The _chain of responsibility_ uses Python decorators to decorate the raw LLM invocation. At a high level, the decorator stack looks like this:
```mermaid
flowchart TB
    client
    llm
    client --> json(Json Recovery)
    json --> cache(Caching)
    cache --> retry(Retrying)
    retry --> throttle(Throttling)
    throttle --> llm(((LLM)))
```

## Request Lifecycle
To understand the lifecycle of an `fnllm` request in more detail, we'll break this down into the _inbound_ and _outbound_ sides of a request.
```mermaid
flowchart TB
    client
    llm((("LLM (5)")))
    jsonin("Json Inbound (noop) (1)")
    jsonout("Json Outbound (9)")
    cachein("Cache Inbound (2)")
    cacheout("Cache Outbound (8)")
    retryin("Retry Inbound (3)")
    retryout("Retry Outbound (7)")
    throttlein("Throttle Inbound (4)")
    throttleout("Throttle Outbound (noop) (6)")
    client --> jsonin
    jsonin --> cachein
    cachein --> retryin
    retryin --> throttlein
    throttlein --> llm
    llm --> throttleout
    throttleout --> retryout
    retryout --> cacheout
    cacheout --> jsonout
    jsonout --> client
```
As a client fires off a request, the request makes it way through the decorator stack.
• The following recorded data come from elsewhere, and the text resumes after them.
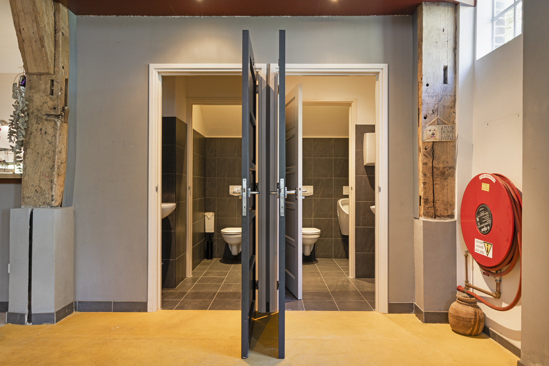 Door de grote houten poort, het erf op. De enorme Bentheimer voederbak die nu slechts nog dienst doet als landschappelijke verfraaiing, staat als een kunstobject voor de boomgaard. De grote deeldeuren bieden een vriendelijk aanzicht. Aan de linkerzijde de hoofdentree. Al het houtwerk zit dik in de lak (natuurlijke houtlakken op basis van lijnzaadolie waardoor het hout ademen kan) en ziet er ronduit fantastisch uit. Ook binnen wordt gauw duidelijk dat er kosten noch moeite gespaard zijn, en dat er uitsluitend de beste materialen gebruikt zijn.
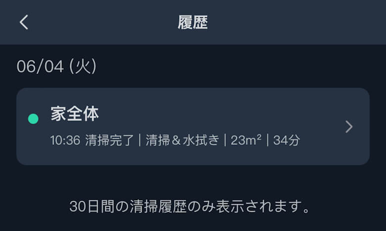 わが家の場合、リビングダイニング約23㎡が約34分で掃除完了しました。
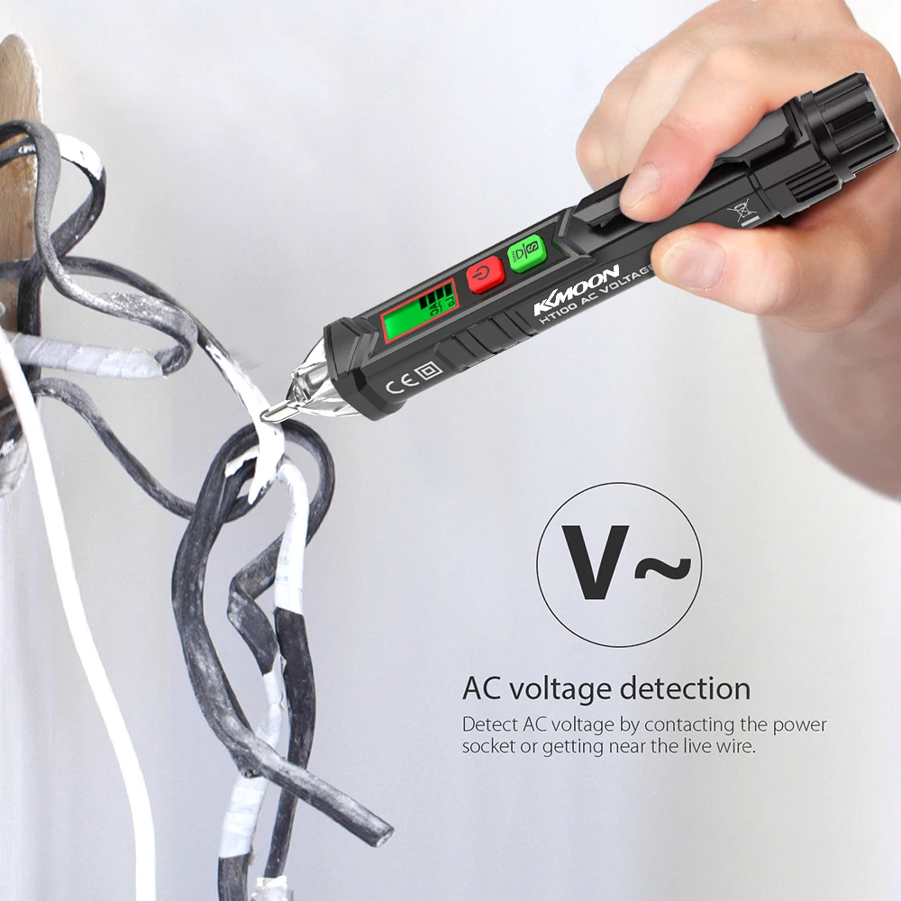 Detect AC voltage by contacting the power socket or getting near the live wire with non-contact tip.
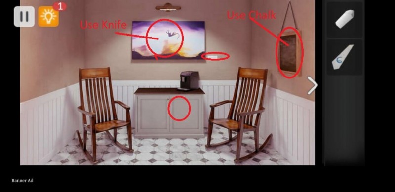 上記のアイテムをすべて集めたら、矢印をクリックするだけで左矢印に移動する必要があります。クリックすると、ゲームは別の部屋に移動し、そこには 2 つの椅子、テレビ、その他のものがあります。
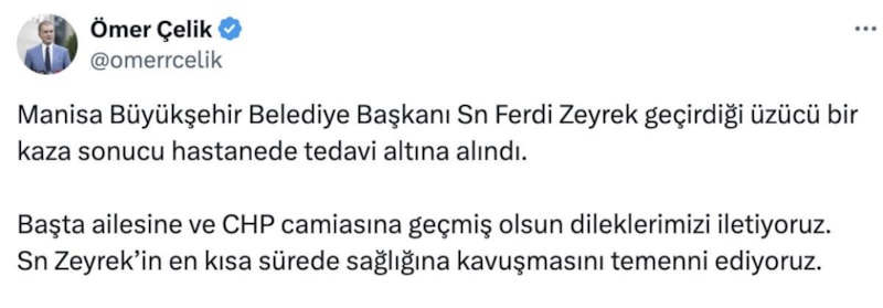 AK Parti Sözcüsü Ömer Çelik, yoğun bakımda tedavisi süren Ferdi Zeyrek'e ilişkin geçmiş olsun mesajı yayınladı.
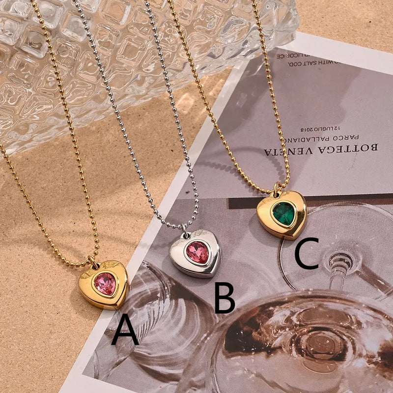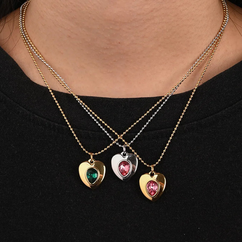 Wholesale Jewelry Casual Vacation Simple Style Red Heart Stainless Steel Rhinestones 18K Gold Plated Polishing Plating ball chain Necklace

Each decorator is responsible for a specific concern, and they all work together to ensure that the request is processed correctly. 

### Initial Entry
The first decorator a request encounters is the _Json Recovery_ decorator (1), which has no inbound behavior. The first _active_ decorator is the _Cache_ decorator (2), which will check if the request is already cached. If it is, the cached response will be returned immediately, bypassing the rest of the decorator stack. It is important that the _Cache_ decorator is the first active inbound decorator, as this ensures we have speedy cache reads when performing fully-cached data runs.

### Live Request Execution
If a request has not been handled by the Cache decorator, it will process as a live request. There are a couple of key concerns we need to address: we need to ensure that we don't exceed the rate limits of the LLM provider, and we need to ensure that we can handle any errors that occur during the request. We want our retry logic to adhere to our model's rate-limit capacity, so the rate limiting is applied closest to the LLM. The _Retry_ decorator (3) wraps the rest of the chain with a Retry strategy (e.g. exponential backoff, linear incremental, randomized). Finally, closest to the LLM, the request is handled by the _Throttle_ decorator (4), which will ensure that the request is sent at a rate that is acceptable to the LLM provider. Finally, the request will be sent to the LLM (5).

## Live Response Handling
Once we receive an LLM response, it will be returned through the stack in reverse order. The _Throttle_ decorator (6) has no outbound behavior, as it only applies to inbound requests. In case of errors, the _Retry_ decorator (7) will attempt to re-drive the request according to the retry policy. Upon a successful request, the _Cache_ decorator (8) will write the response into the cache. 

## Final Orchestration & Redriving
Finally, the _Json Recovery_ decorator (9) will attempt to parse the LLM response as JSON and interpret it as the given Pydantic model (if provided). If the response is malformed, or if it does not adhere to the Pydantic model, we will attempt a recovery. Depending on the Json Receiver strategy, it will either attempt to clean up the malformed JSON text or re-drive the LLM call.